Последнее, кстати, означало окончательное закрепление в России второго главного признака авторитарной системы – передачи власти в режиме личного наследования без каких-либо форм публичной состязательности. Другими словами, риск недобровольной смены правящей команды убирается не только из избирательного процесса, но и из процесса смены руководства по причинам личностнобиологического характера. Причем это произошло хотя и по инициативе правящей команды, руководствовавшейся своими личными (как выяснилось впоследствии, не совсем верными) расчетами, но все же с одобрения, по крайней мере молчаливого, всего общества. Вне зависимости от наличия институтов выборов, свободы политической организации и высказываний, общество в целом и его политический класс в особенности с конца 1990-х стали воспринимать как данность, что правящая группа не считает для себя необходимым и не будет ставить свою власть и свою судьбу в зависимость от реальных результатов неконтролируемого народного волеизъявления на всеобщих выборах.
Но дело, конечно, было не только и не столько в общественном сознании. Приблизительно тогда же стало очевидным, что в процессе постсоветской трансформации в стране так и не возникли институты, способные выполнять функции самостоятельных ветвей власти и обладающие возможностью добиваться исполнения своих решений, если те противоречат интересам или желаниям доминирующей группы. И представительные органы, и судебная система не смогли обзавестись достаточным силовым ресурсом или поддержкой, чтобы стать реальным противовесом административным органам и стихийно формировавшимся вокруг них неформальным корпорациям полукриминального толка, да и вполне криминального характера, опиравшимся на механизмы насилия.
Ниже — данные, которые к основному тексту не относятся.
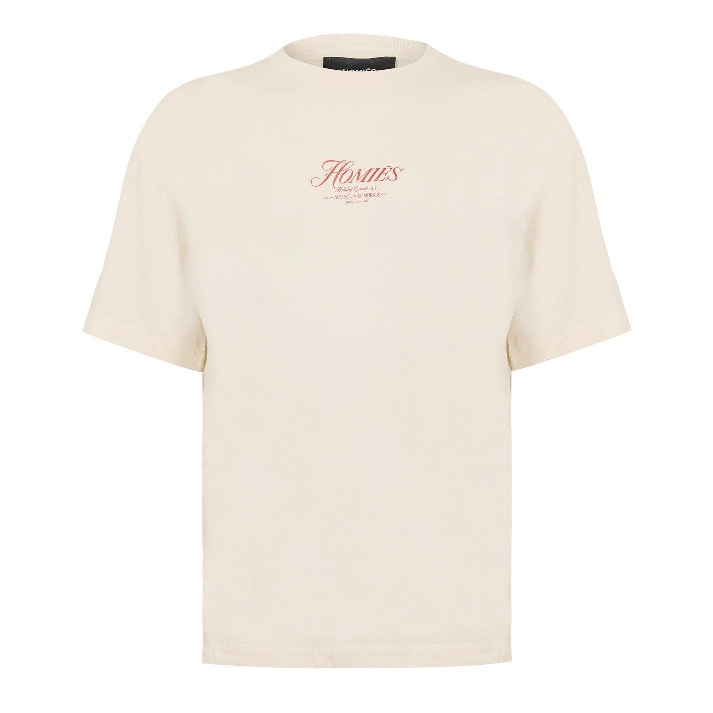 Relaxed fit t-shirt made of 100% cotton in beige. Featuring a digital print on the front chest and a maxi print on the back. Relax at la piscina.

Собственно, уже в то время «строительство правового государства» превратилось, в лучшем случае, в благое пожелание, а в худшем – в лицемерное прикрытие фактического признания права силы как государствообразующего механизма.
Соответственно, любые альтернативные претенденты на власть не имели возможности опереться на сколько-нибудь работоспособные институты. Единственным для них способом создать себе реальную опору было бы выстраивание собственных организованных структур, обладающих силовым и административным ресурсом, но это заключало бы в себе риски для государственности как таковой и было отвергнуто всеми ответственными политиками и общественными деятелями. В таких условиях страна, по существу, стояла перед выбором между очевидно очень плохим и еще худшим, поскольку выбор в пользу политической конкуренции с опорой на неправовую силу, что означало бы, по сути, состояние гражданской войны, пусть и в каких-то смягченных формах, и что, скорее всего, привело бы к еще более тяжким последствиям, нежели даже те, что мы имеем сегодня перед нашими глазами.
Правда, некоторые считают, что в силу меньшей степени концентрации силового ресурса в центре сложившейся к тому времени политической системы она была менее управляемой, а значит – более демократичной по сравнению с ее же версией образца второй половины 2000-х гг. Учитывая, что такой взгляд достаточно часто можно встретить в среде либерально настроенной интеллигенции, хотелось бы его прокомментировать.
Это замечание действительно справедливо в той его части, которая говорит об общей слабой управляемости тогдашней социально-экономической ситуацией. Однако построить эффективную конкурентную систему на основе слабой управляемости невозможно в принципе. Власть конфликтующих друг с другом «полевых командиров» – плохая замена конкуренции команд, имеющих в той или иной мере квалифицированных управляющих сложной государственной машиной. Политический плюрализм является отражением демократических ценностей в политике лишь при ряде дополнительных условий.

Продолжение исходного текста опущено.